Now, we will test our function an see what it will report about the signals we recorded.

We will see that the accelerometer samples at the highest rate, while the GPS, light, and the proximity sensor sample at lower rates. Furthermore, we see that the significant motion sensor detected only one motion that it labeled as significant. Thus, its sampling rate is set to zero. The report also shows that the proximity sensor was the first to start recording, while the significant motion sensor was the last to start recording. The accelerometer was the last to stop recording and the significant motion sensor the first to stop recording.

In [9]:
sensor_data, report = load_android_data(file_list)

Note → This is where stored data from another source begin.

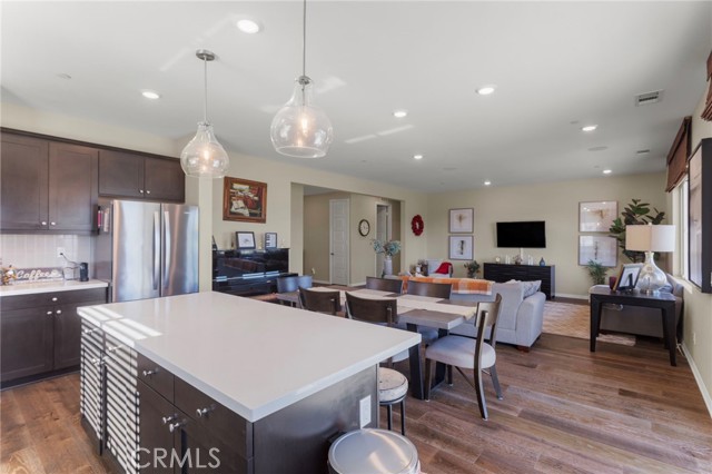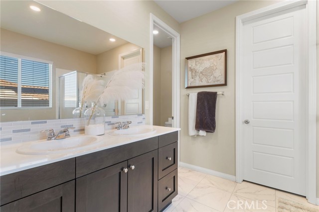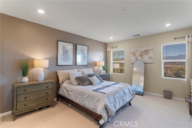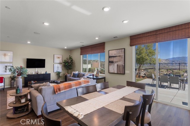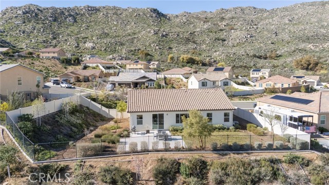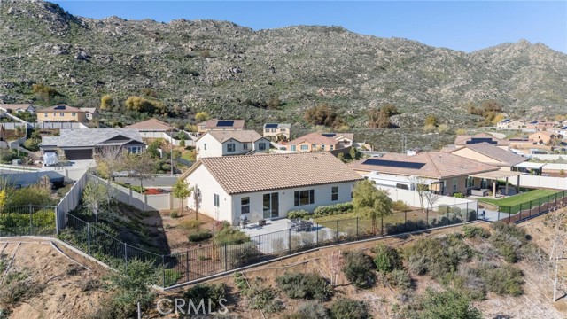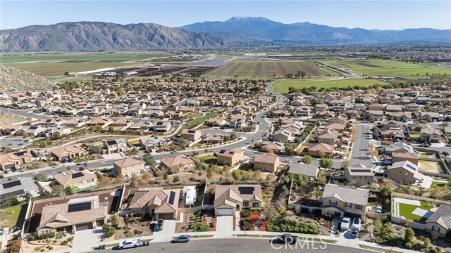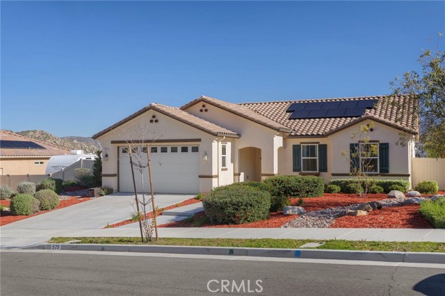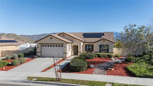 Step inside this former model home and immediately feel the open, airy layout designed to showcase some of the best panoramic views in all of San Jacinto. The entry opens into a bright open concept living room, dining area, and kitchen filled with natural light and incredible sunrise views. The kitchen features builder selected upgrades from its time as the model, including upgraded countertops, designer backsplash, and premium finishes that add both style and value. This space flows effortlessly for everyday living and entertaining. The primary suite offers beautiful views, a spacious walk in closet, dual vanities, and a separate water closet. Secondary bedrooms are thoughtfully located on the opposite side of the home, providing privacy and flexibility. Step outside to a finished backyard that extends the living space and takes full advantage of the large lot. One of the most valuable features of this home is the paid off solar system, resulting in a significantly reduced electricity bill, along with an EV charger, nine foot ceilings, surround sound, tankless water heater, and epoxy garage flooring. As a former model home with premium upgrades, breathtaking views, a finished backyard, and zero electric bill, this property stands out as a rare opportunity in San Jacinto.
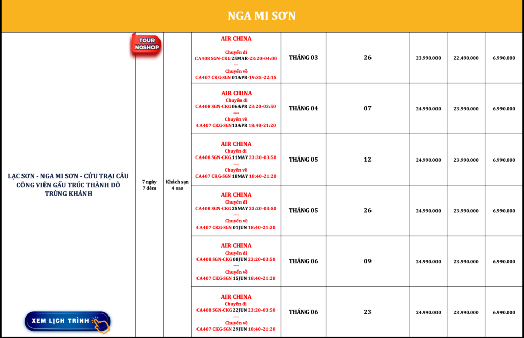 TRUNG QUỐC | LẠC SƠN – NGA MI SƠN – CỬU TRẠI CÂU – CÔNG VIÊN GẤU TRÚC – THÀNH ĐÔ – TRÙNG KHÁNH | 7N7Đ | NOSHOP
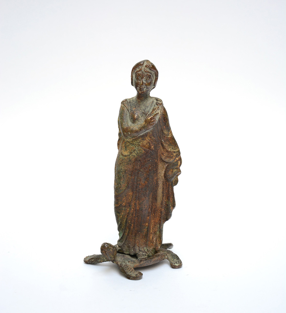 Scultura in bronzo dall'antico raffigurante figura femminile (h cm 20) (difetti)

names: ['Acc', 'GPS', 'Light', 'Proximity', 'SigMotion']
number of samples: [17661, 132, 178, 18, 1]
starting times: [188488175020937.0, 188490065043301.0, 188488121593000.0, 188488102522000.0, 188502049742000.0]
stopping times: [188669138104000.0, 188668271596298.0, 188668132960000.0, 188636399533000.0, 188502049742000.0]
avg. sampling rates: [97.58896511423767, 0.7351020363555616, 0.9832712397545429, 0.11463481216084659, 0]
min. sampling rate: 0.0
max. sampling rate: 97.58896511423767
mean sampling rate: 19.88439464050172
std. sampling rate: 38.85403633973379
starting order: ['Proximity', 'Light', 'Acc', 'GPS', 'SigMotion']
stopping order: ['SigMotion', 'Proximity', 'Light', 'GPS', 'Acc']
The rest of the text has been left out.